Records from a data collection
* * * * *
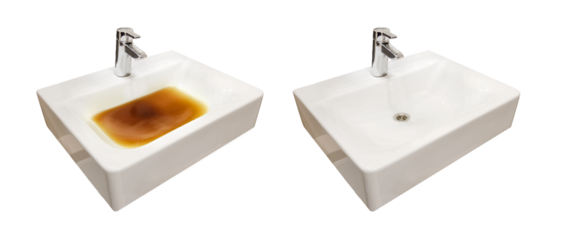 Blockage in the sink before and after the problem is resolved, isolated on a white background. Clog problems in the bathroom and toilet
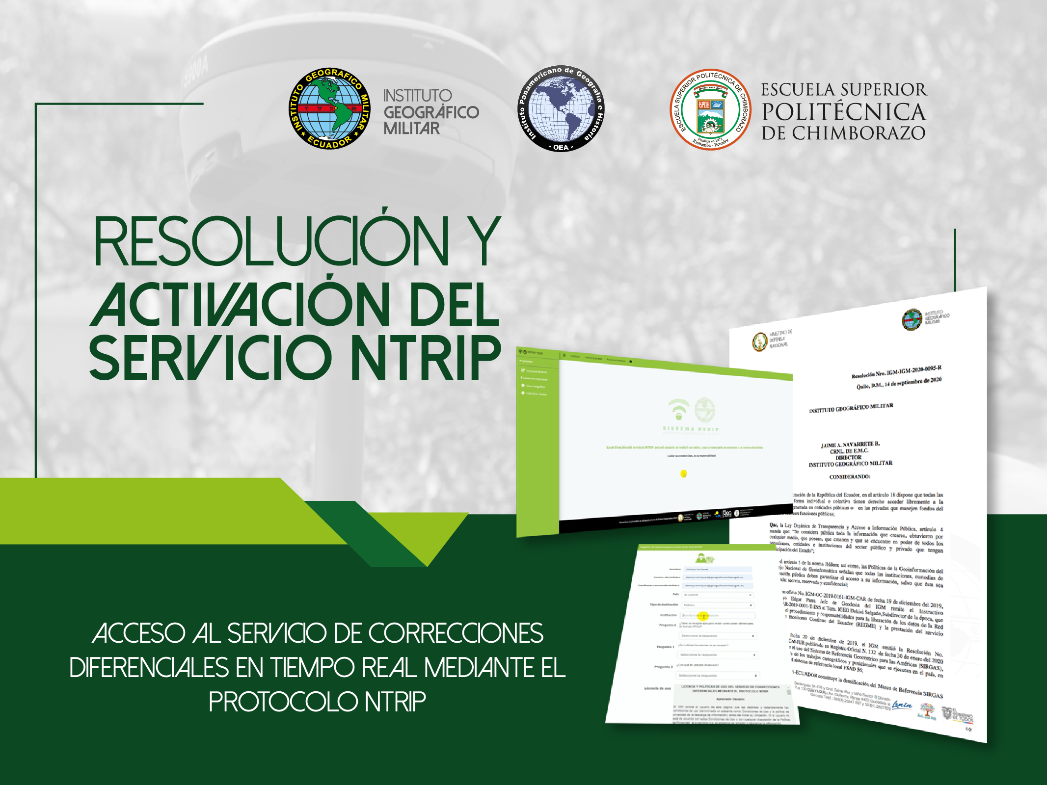 El Instituto Geográfico Militar mediante Resolución Nro. IGM-IGM-2020-0095-R, declara: “Publicar la Licencia y emitir las políticas de uso del Servicio de Correcciones Diferenciales mediante el Protocolo NTRIP, otorgando al usuario el derecho gratuito y no exclusivo de utilizar la información sujeta a esta licencia… ”
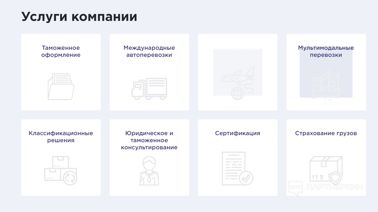 - Страхование грузов . Компания предлагает страхование грузов, что обеспечивает защиту от возможных рисков и убытков при транспортировке грузов.
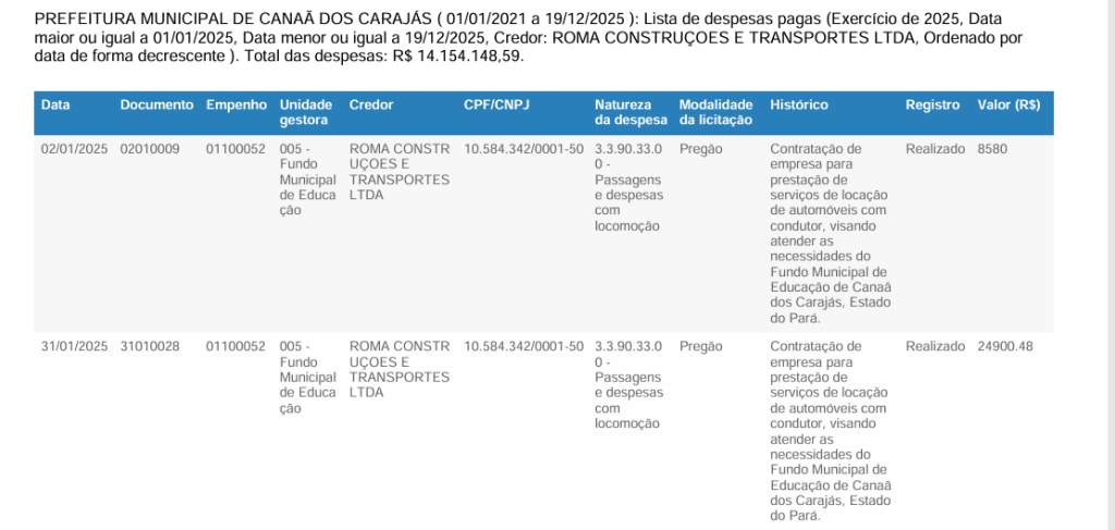 - ROMA CONSTRUÇOES E TRANSPORTES LTDA: R$ 14.154.148,59 – Principalmente para educação, com pagamentos mensais que somam dezenas de milhares.
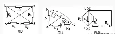 再把連接a、C節(jié)點(diǎn)的導(dǎo)線縮成一點(diǎn),把連接b、d節(jié)點(diǎn)的導(dǎo)線也縮成一點(diǎn),并把R5連到節(jié)點(diǎn)d的導(dǎo)線伸長線上(圖5)。由此可看出R2、R3與R4并聯(lián),再與R1和R5串聯(lián),接到電源上。
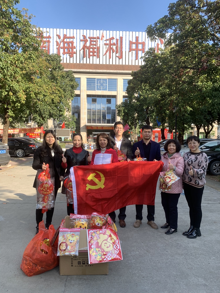 由于受疫情影响,我市各养老机构均处于封闭管理状态,老人们春节未能回家与亲人团聚,为使老人们享受新春佳节的欢乐,为他们营造欢乐祥和的气氛,1月19日,我党支部开展新春敬老活动,在罗瑛玮书记的带领下,前往南海福利中心为1000多名老人赠送了新春贺年装饰礼品,为他们献上我们一份诚挚的祝福,传递了社会对他们的关爱,体现了我党支部对公益慈善事业的支持!
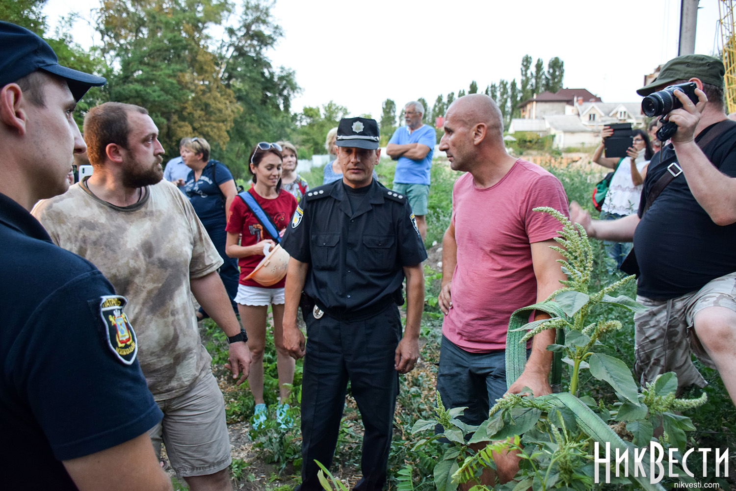 Однако присутствовавший на месте строительства директор департамента внутреннего финансового контроля, надзора и противодействия коррупции Николаевского городского совета Андрей Ермолаев заявил, что стройка, на которой снесли забор, незаконная и предстваил правоохранителям соответсвующий документ.
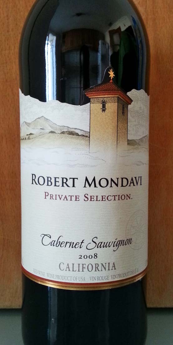 Como ya dije, se me presentó la oportunidad de hacerme con unas botellas de un vino de la gama Private Selection de Mondavi, en concreto el Robert Mondavi Private Selection Cabernet Sauvignon 2008. Aclaremos antes de nada que en los Estados Unidos al menos el 95% de las uvas deben ser de la vendimia mencionada en la etiqueta, y que para que un vino pueda llevar el nombre de la variedad, debe elaborarse al menos con un 75% de esa casta.
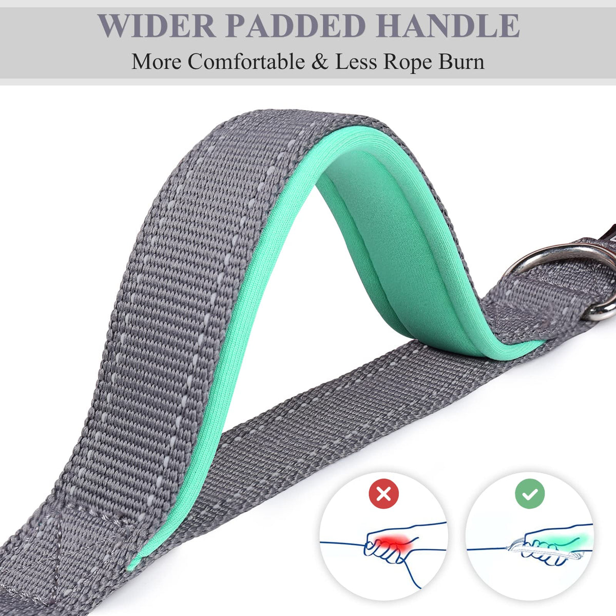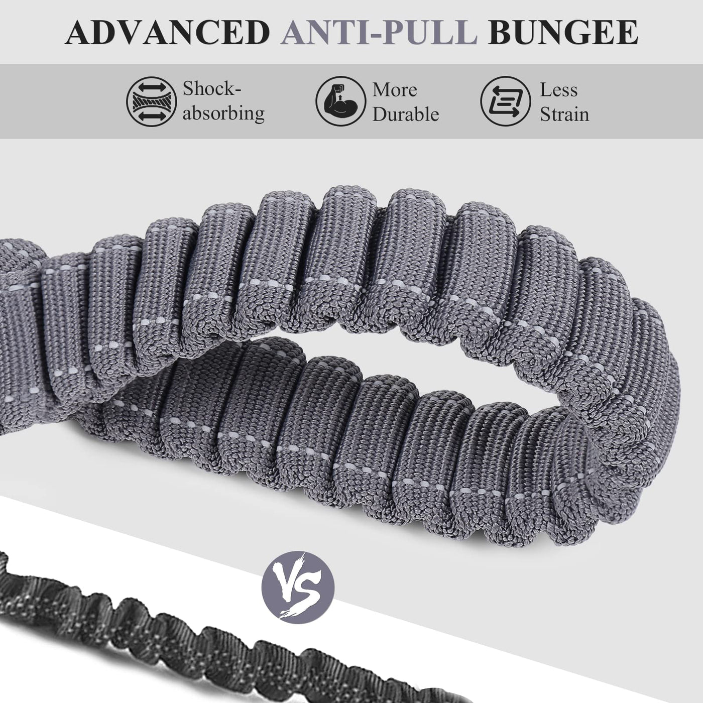 Q: How does the anti-shock feature work?A: The leash features an integrated internal bungee design that absorbs the pulling force of an excited dog, providing a comfortable experience for both you and your pet. This anti-shock mechanism helps reduce strain on your back and your dog's neck.
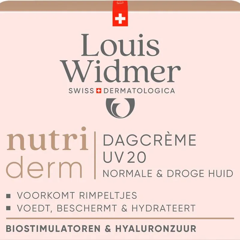 Louis Widmer nutriderm Dagcrème UV 20 is een dagcrème met UV-bescherming en hyaluronzuur.
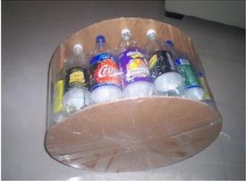 A flakonokat elrendezzük a kívánt formában és sokszor jó szorosan körberagasztjuk a ragasztószalaggal!
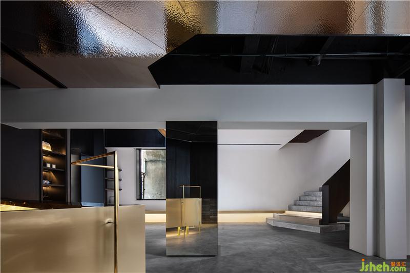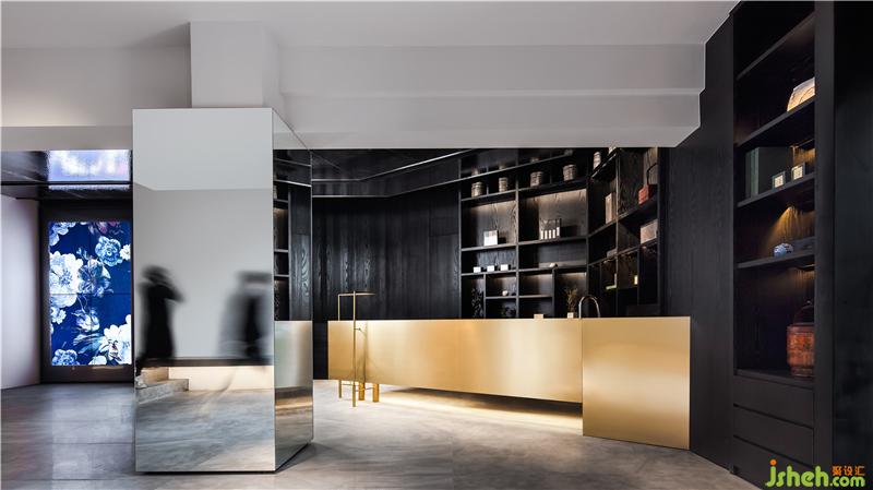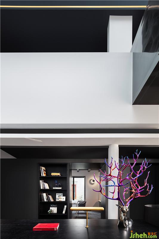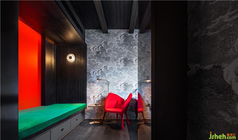 整个区域以黑色打底,其间置入一抹鲜明,如黄色座椅,在光线的辅助下,冲突也和谐。
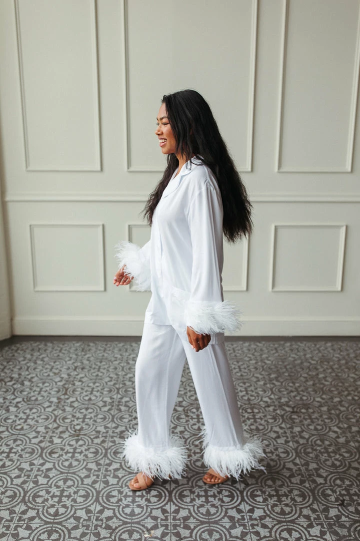 Looking for an iconic bridal fashion moment? Try Sleeper’s Party Pajamas in white for your wedding getting-ready outfit. Detachable feathers along the bottom of the pant are what make these stylish pjs a fashionista favorite.
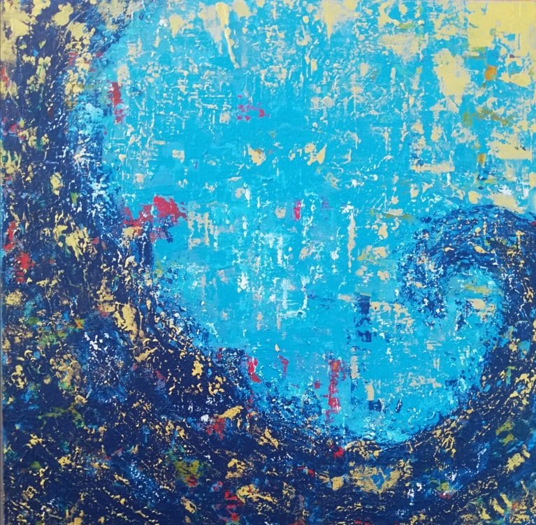 Ho dipinto questo quadro nell’estate del 2021, un periodo sereno vissuto sul mare siciliano, dove sono nata e dove mi reco ogni volta che posso. Quel giorno il mare era in tempesta e non potevo non cogliere l’occasione di ritrarlo, in tutta la sua potenza e bellezza ispiratrice.
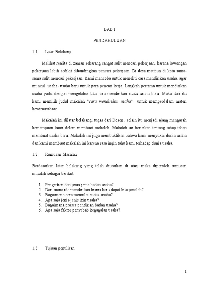 Kami juga berharap agar makalah ini bisa bermanfaat bagi anda semua yang telah membacanya serta dapat menerapkan hal positif yang terkandung dalam makalah ini. Makalah cara mendirikan usaha. 1 3 rumusan masalah berdasarkan latar belakang yang telah diuraikan di atas maka diperoleh rumusan masalah sebagai berikut.
* * * * *
Exercise requirements: "Louis Widmer nutriderm" marks the first line to copy, and "整个区域以黑色打底,其间置入一抹鲜明,如黄色座椅,在光线的辅助下,冲突也和谐。" marks the last. Repeat that stretch above exactly, with no pictures.

Answer space:
 Louis Widmer nutriderm Dagcrème UV 20 is een dagcrème met UV-bescherming en hyaluronzuur.
 A flakonokat elrendezzük a kívánt formában és sokszor jó szorosan körberagasztjuk a ragasztószalaggal!
 整个区域以黑色打底,其间置入一抹鲜明,如黄色座椅,在光线的辅助下,冲突也和谐。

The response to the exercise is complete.